▶ WHAT THE TASK REQUIRES
The result should be a faithful copy of every entry below, with the pictures left out.

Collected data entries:

--------------------

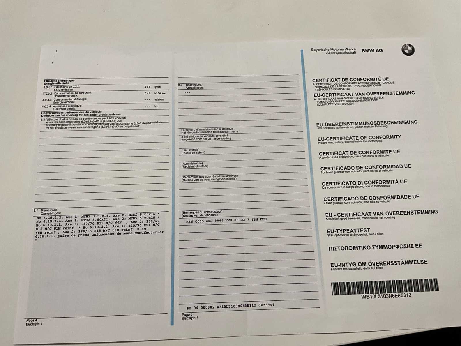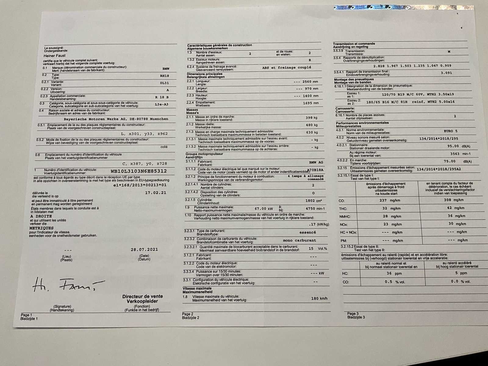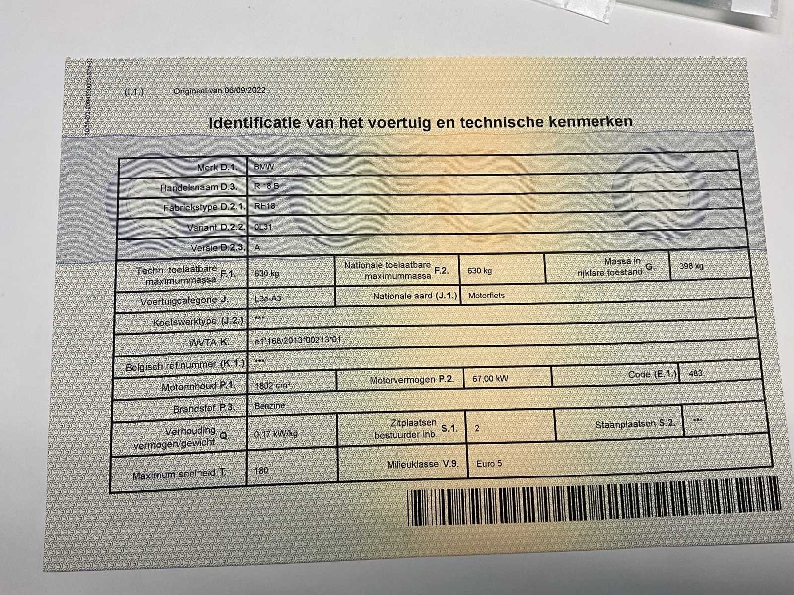 Compleet met keuring voor verkoop en 2 jaar garantie. 0134 Adaptieve koplampen 017C Tankdeckel abschliessbar 0202 Dagrijlicht 0204 Hill Start Control 0219 Deluxe Headlight 035A Designoptie chroom 035B Belijning 036A Treeplank 0382 Handleiding Frans 0386 Handleiding nederlands 0395 Radio 0417 Centrale vergrendeling 047B Edition 0518 Stoelverwarming 0530 Bandenspanningscontrole 05AA Achteruitrijhulp 05DF ACC 0603 diefstalbeveiligingssysteem 064A Marshall Gold Series Stage 1 06AC Intelligente noodoproep 06AE Teleservices No Merk: BMW Model: R 18 B Brandstof: Benzine Chassisnummer: WB10L3103N6E85312 Cilinderinhoud: 1802cc Vermogen (kW): 67kW Nationaliteit documenten: Belgisch Aantal sleutels: 2 Startinformatie: Start en rijdt
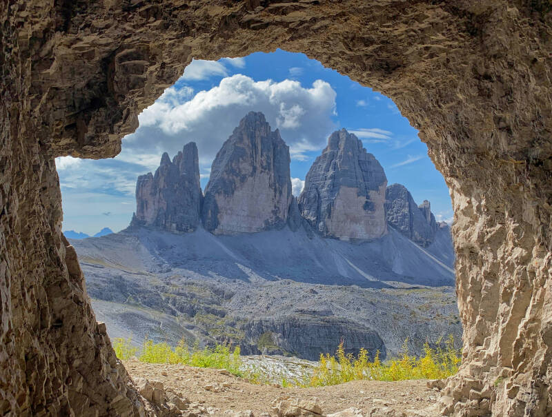 Von der Auronzo Hütte ging es über den Lavaredo-Sattel zum Einstieg des Klettersteigs am Paternkofel. Klettergeschirr angelegt ,ein Foto von uns und wir verschwanden in dem alten Militärstollen um nach kurzer Strecke an der Längsseite des Paternkofels wieder ans Tageslicht zu kommen.
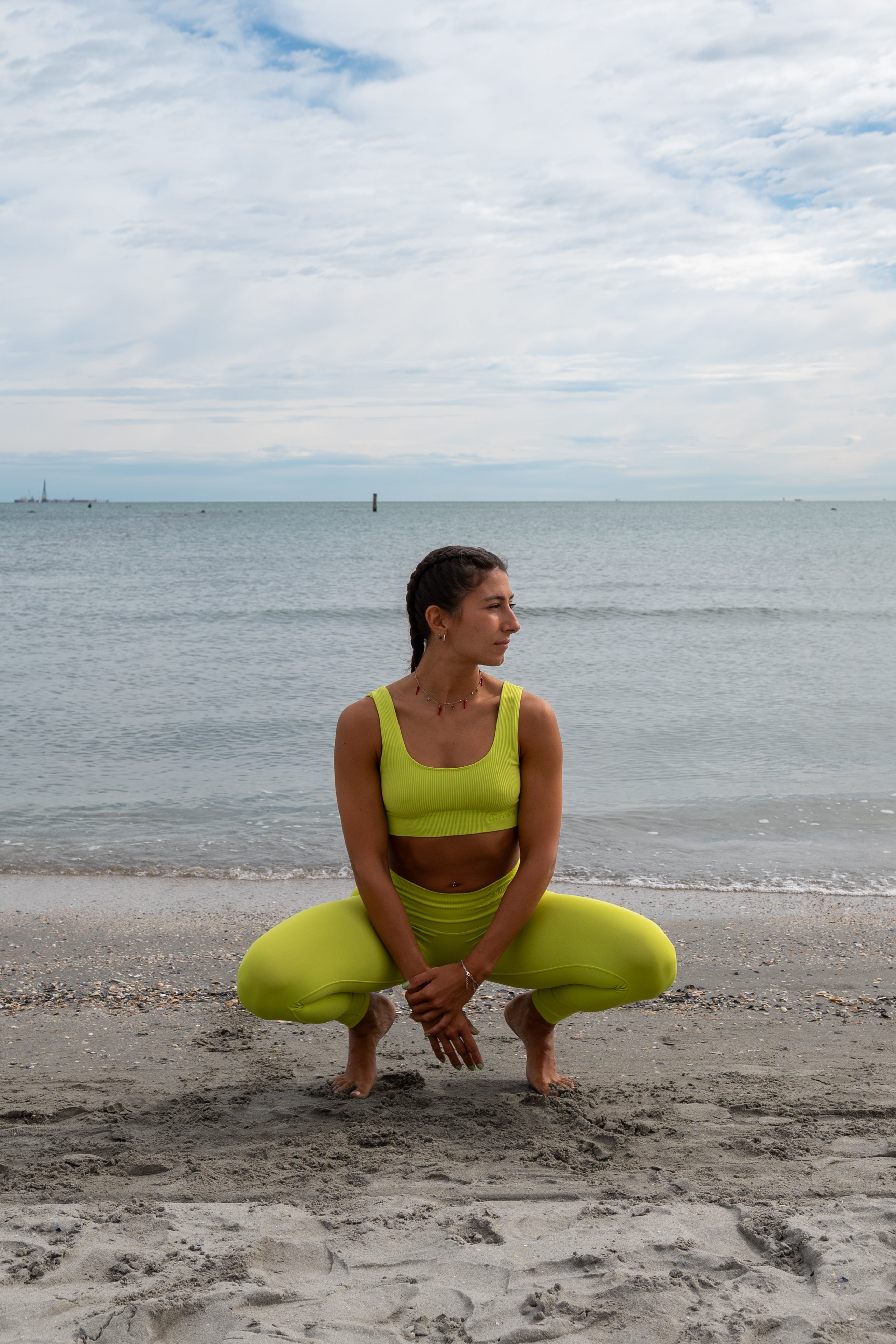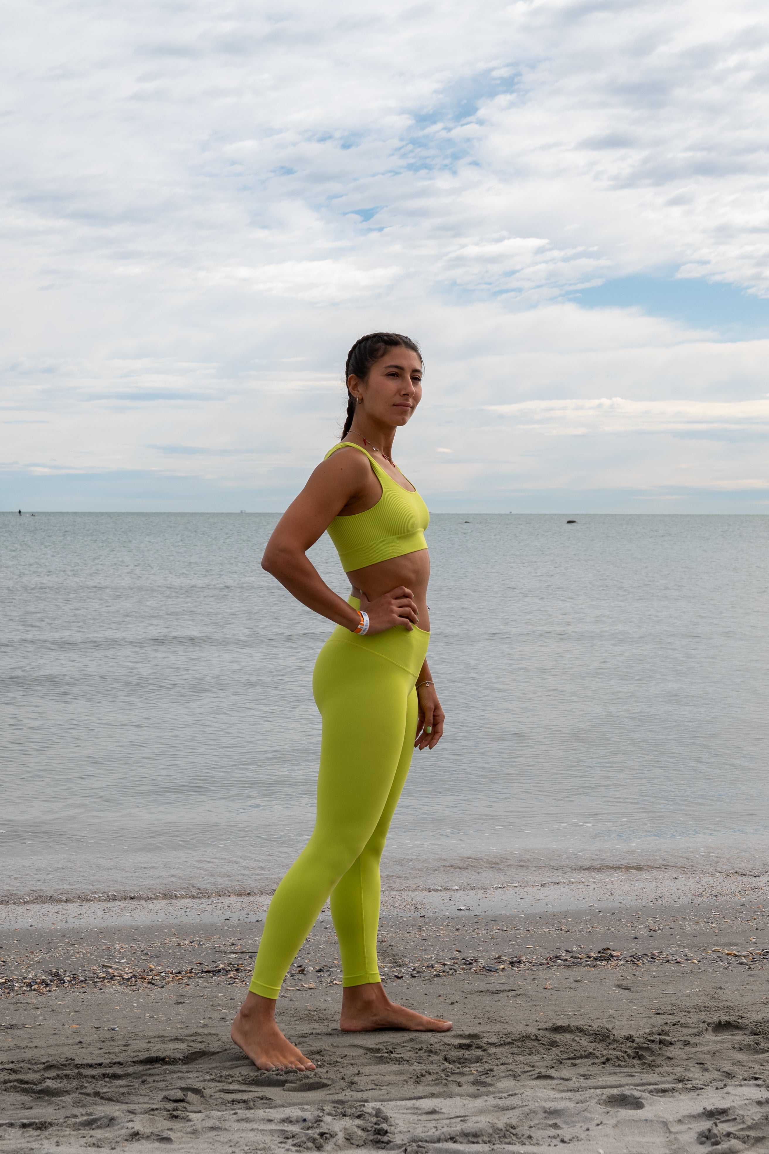 Il Set Tonika Lime Crop Top e Leggings di Invertika è realizzato in microfibra senza cuciture Made in Italy.
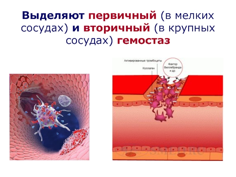 Слайд 26Выделяют первичный (в мелких сосудах) и вторичный (в крупных сосудах)
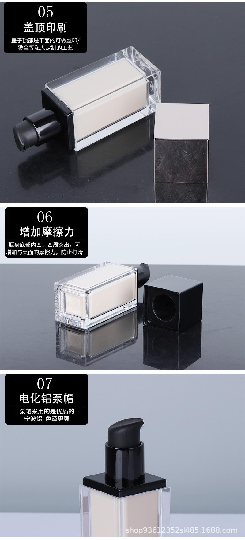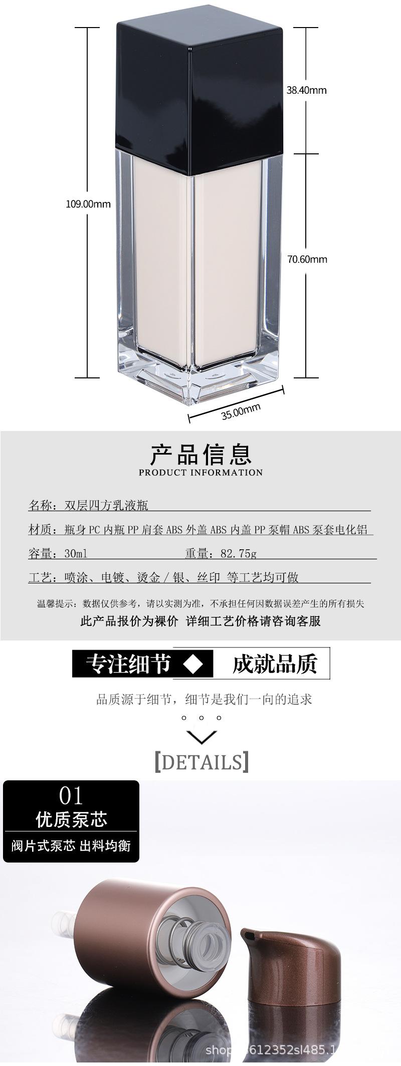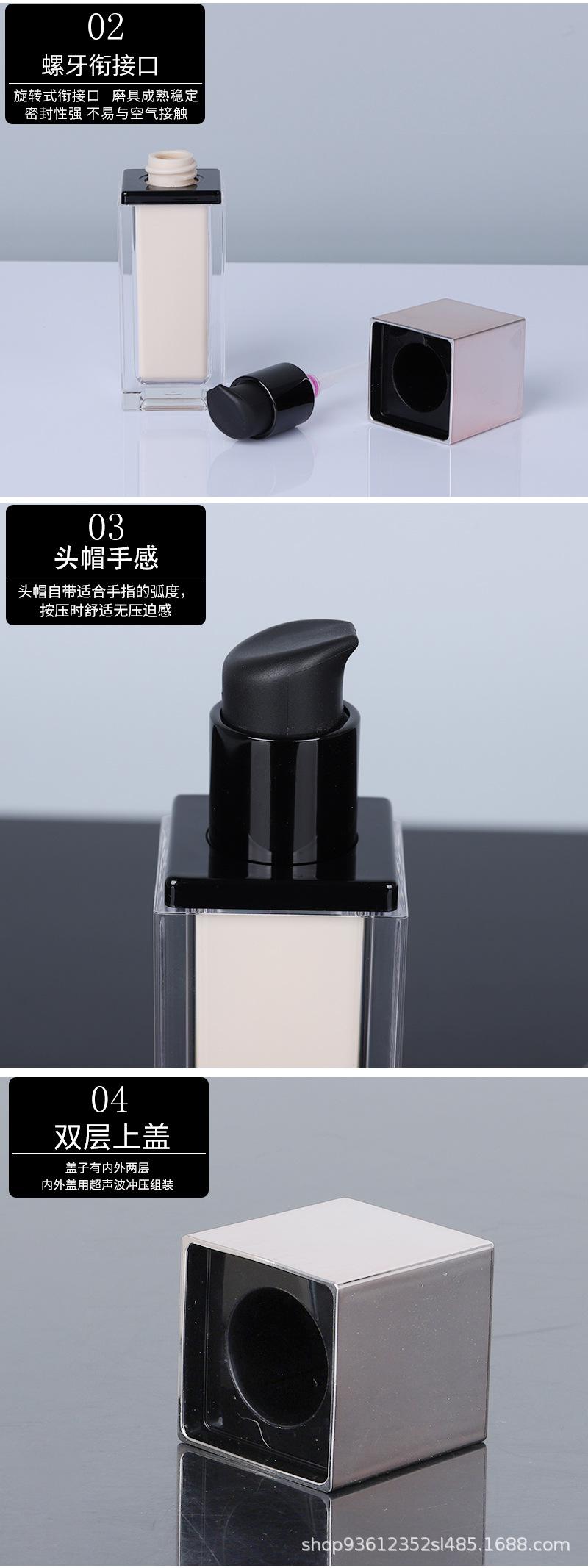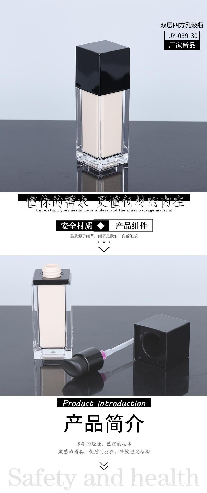 Nova listagem ~ novo 30ml quadrado duplo frasco de loção maquiagem fundação isolamento frasco de creme materiais de embalagem Guangzhou
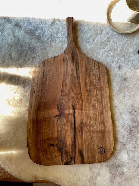 Deze tapasplank werd gemaakt uit een walnotenboom. Deze boom stond in een tuin te Brugge.
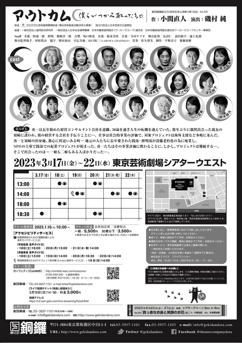 劇団銅鑼『アウトカム~僕らがつかみ取ったもの~』が2023年3月17日 (金) ~2023年3月22日 (水)に東京芸術劇場 シアターウエスト(東京都東京都豊島区西池袋1丁目8番1号 )にて上演されます。チケットはカンフェティ(運営:ロングランプランニング株式会社、東京都新宿区、代表取締役:榑松 大剛)にて1月16日(月)10:00より発売開始です。
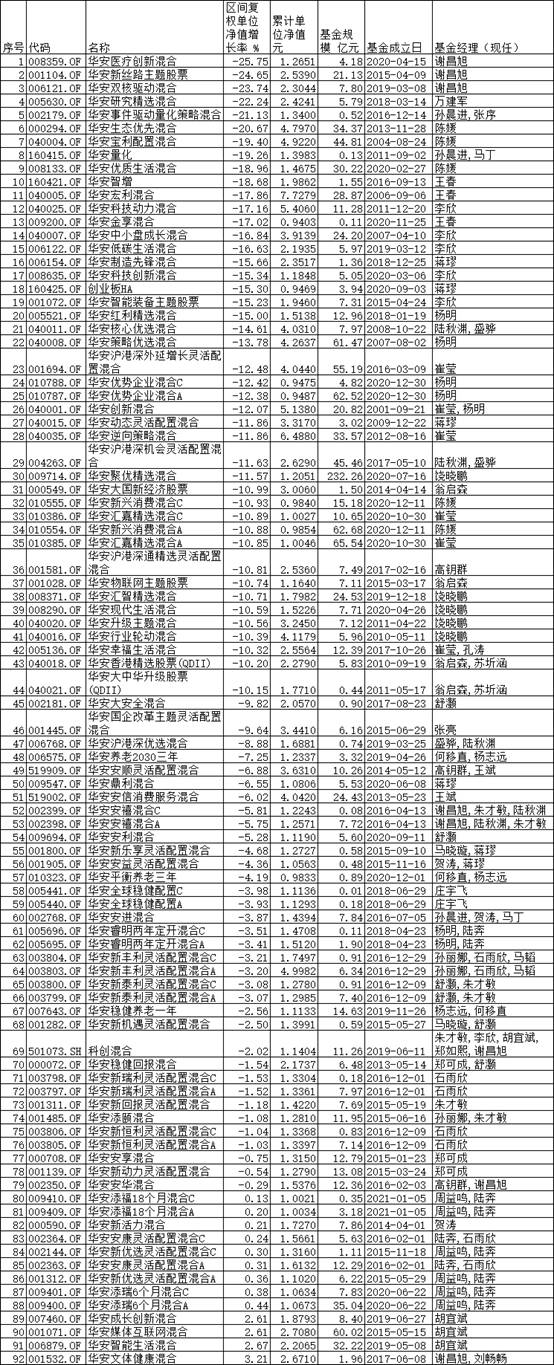 其中,基金經理謝昌旭所管理的3只基金墊底,華安醫療創新混合(008359)、華安新絲路主題股票(001104)、華安雙核驅動混合(006121)節后分別虧損25.75%、24.65%、23.74%。
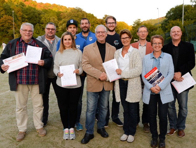 Der Sportkreisvorsitzende Manfred Schmidt (6.v.l.) und Jugendwart Dorian Massmig (dahinter) übergaben die Bewilligungsbescheide an (v.l.) Stefan Birka, Lutz Mohrmann (beide SV Wisper Lorch), Silvia Leder (TC GW Hallgarten), Julian Dahlen, Holger Büschenfeld (beide Wisper Lorch), Susanne Bartholomay (SV Espenscheid), Matthias Mecky (TG Mittelheim), Kirsten Michel-Klotz (SV Espenschied) und Andreas Scharf (TG Mittelheim). Foto: MRM
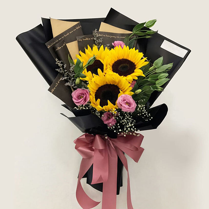 Sunflower N Lisianthus Beautifully Wrapped Bouquet
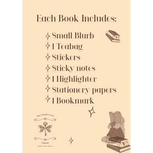 *Bookmark , goodies and a handwritten note with a teasing hint about your book’s vibe.
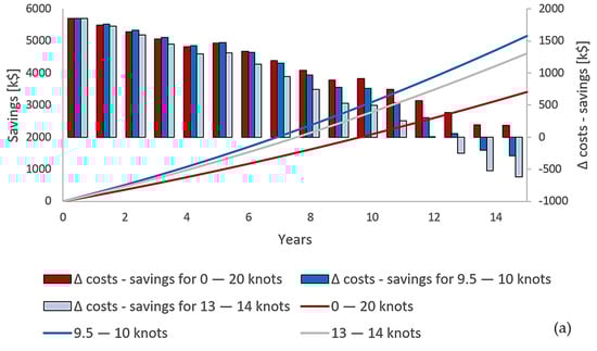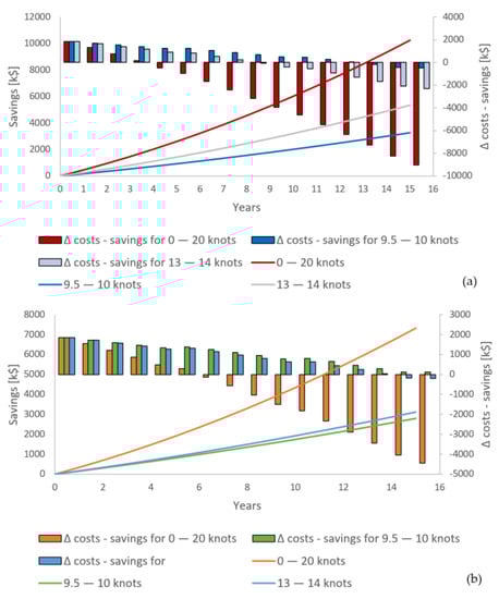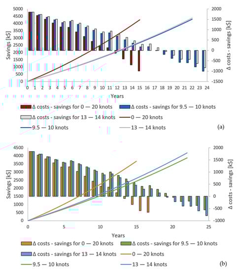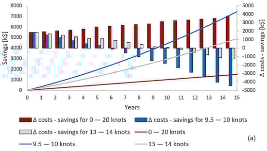 In these graphs, the bars represent the difference between costs and savings deriving from the constant usage of the rotors during navigations, while the lines highlight the savings with reference to the left y-axis. Each chart shows the same data for each year of work and for each one of the routes enlisted in Table 5, but with different rotor dimensions.
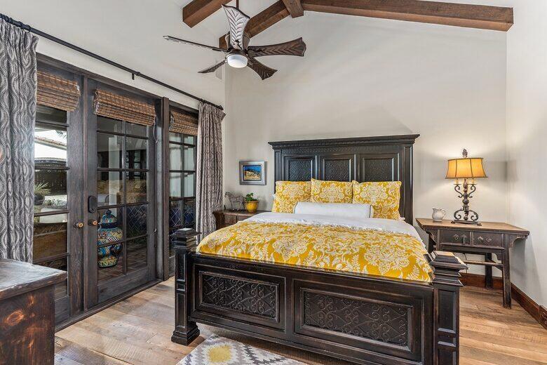 Experience lakeside luxury in this stunning custom Spanish Hacienda, nestled on a quiet swim cove with a private beach, covered boat dock, and Ski Nautique! This gated estate offers a 3BD/4BA main home plus a 1-2BD guest casita. Enjoy hand-carved mesquite doors, vintage timber-beamed ceilings, and authentic Spanish tile throughout. Entertain with two outdoor kitchens, an infinity-edge pool and spa with swim-up bar, fire pit, and tiled fountains under 30+ majestic date palms. The guest casita boasts over 2,000 sqft with breathtaking lake and mountain views, a master suite with coffee bar, fireplace, and full amenities. only 22 minutes from Palm Springs, 5 minutes to the FAMOUS Coachella Concert, and a mere 12 minutes to the Thermal Private Airport. Come and experience what everyone is talking about--visit this exceptional property, embrace the lifestyle it offers, and envision the lakefront living you've always dreamed of. Your oasis awaits, just a short drive from the excitement of Palm Springs and the renowned Coachella Concert. exceptional retreat for those seeking beauty, privacy, and resort-style living!
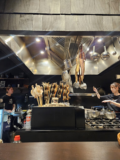 Cool music. We sat at the counter watching the chefs. They were very friendly and answered all our questions about the dishes and general.
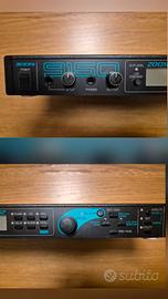 Lo Zoom Valve DSP 9150 è unprocessore multi-effetto valvolare per chitarra, un'unità ibrida che combina unpreamplificatore valvolare(per un suono caldo e organico) con una potente sezione dieffetti digitali(compressore, EQ, modulazioni, delay, riverbero, ecc.) per offrire una vasta gamma di toni, ideale sia dal vivo che in studio, grazie anche a due loop effetti esterni e controllo MIDI.

--------------------

▶ RESULT OF THE EXERCISE
 Compleet met keuring voor verkoop en 2 jaar garantie. 0134 Adaptieve koplampen 017C Tankdeckel abschliessbar 0202 Dagrijlicht 0204 Hill Start Control 0219 Deluxe Headlight 035A Designoptie chroom 035B Belijning 036A Treeplank 0382 Handleiding Frans 0386 Handleiding nederlands 0395 Radio 0417 Centrale vergrendeling 047B Edition 0518 Stoelverwarming 0530 Bandenspanningscontrole 05AA Achteruitrijhulp 05DF ACC 0603 diefstalbeveiligingssysteem 064A Marshall Gold Series Stage 1 06AC Intelligente noodoproep 06AE Teleservices No Merk: BMW Model: R 18 B Brandstof: Benzine Chassisnummer: WB10L3103N6E85312 Cilinderinhoud: 1802cc Vermogen (kW): 67kW Nationaliteit documenten: Belgisch Aantal sleutels: 2 Startinformatie: Start en rijdt
 Von der Auronzo Hütte ging es über den Lavaredo-Sattel zum Einstieg des Klettersteigs am Paternkofel. Klettergeschirr angelegt ,ein Foto von uns und wir verschwanden in dem alten Militärstollen um nach kurzer Strecke an der Längsseite des Paternkofels wieder ans Tageslicht zu kommen.
 Il Set Tonika Lime Crop Top e Leggings di Invertika è realizzato in microfibra senza cuciture Made in Italy.
 Слайд 26Выделяют первичный (в мелких сосудах) и вторичный (в крупных сосудах)
 Nova listagem ~ novo 30ml quadrado duplo frasco de loção maquiagem fundação isolamento frasco de creme materiais de embalagem Guangzhou
 Deze tapasplank werd gemaakt uit een walnotenboom. Deze boom stond in een tuin te Brugge.
 劇団銅鑼『アウトカム~僕らがつかみ取ったもの~』が2023年3月17日 (金) ~2023年3月22日 (水)に東京芸術劇場 シアターウエスト(東京都東京都豊島区西池袋1丁目8番1号 )にて上演されます。チケットはカンフェティ(運営:ロングランプランニング株式会社、東京都新宿区、代表取締役:榑松 大剛)にて1月16日(月)10:00より発売開始です。
 其中,基金經理謝昌旭所管理的3只基金墊底,華安醫療創新混合(008359)、華安新絲路主題股票(001104)、華安雙核驅動混合(006121)節后分別虧損25.75%、24.65%、23.74%。
 Der Sportkreisvorsitzende Manfred Schmidt (6.v.l.) und Jugendwart Dorian Massmig (dahinter) übergaben die Bewilligungsbescheide an (v.l.) Stefan Birka, Lutz Mohrmann (beide SV Wisper Lorch), Silvia Leder (TC GW Hallgarten), Julian Dahlen, Holger Büschenfeld (beide Wisper Lorch), Susanne Bartholomay (SV Espenscheid), Matthias Mecky (TG Mittelheim), Kirsten Michel-Klotz (SV Espenschied) und Andreas Scharf (TG Mittelheim). Foto: MRM
 Sunflower N Lisianthus Beautifully Wrapped Bouquet
 *Bookmark , goodies and a handwritten note with a teasing hint about your book’s vibe.
 In these graphs, the bars represent the difference between costs and savings deriving from the constant usage of the rotors during navigations, while the lines highlight the savings with reference to the left y-axis. Each chart shows the same data for each year of work and for each one of the routes enlisted in Table 5, but with different rotor dimensions.
 Experience lakeside luxury in this stunning custom Spanish Hacienda, nestled on a quiet swim cove with a private beach, covered boat dock, and Ski Nautique! This gated estate offers a 3BD/4BA main home plus a 1-2BD guest casita. Enjoy hand-carved mesquite doors, vintage timber-beamed ceilings, and authentic Spanish tile throughout. Entertain with two outdoor kitchens, an infinity-edge pool and spa with swim-up bar, fire pit, and tiled fountains under 30+ majestic date palms. The guest casita boasts over 2,000 sqft with breathtaking lake and mountain views, a master suite with coffee bar, fireplace, and full amenities. only 22 minutes from Palm Springs, 5 minutes to the FAMOUS Coachella Concert, and a mere 12 minutes to the Thermal Private Airport. Come and experience what everyone is talking about--visit this exceptional property, embrace the lifestyle it offers, and envision the lakefront living you've always dreamed of. Your oasis awaits, just a short drive from the excitement of Palm Springs and the renowned Coachella Concert. exceptional retreat for those seeking beauty, privacy, and resort-style living!
 Cool music. We sat at the counter watching the chefs. They were very friendly and answered all our questions about the dishes and general.
 Lo Zoom Valve DSP 9150 è unprocessore multi-effetto valvolare per chitarra, un'unità ibrida che combina unpreamplificatore valvolare(per un suono caldo e organico) con una potente sezione dieffetti digitali(compressore, EQ, modulazioni, delay, riverbero, ecc.) per offrire una vasta gamma di toni, ideale sia dal vivo che in studio, grazie anche a due loop effetti esterni e controllo MIDI.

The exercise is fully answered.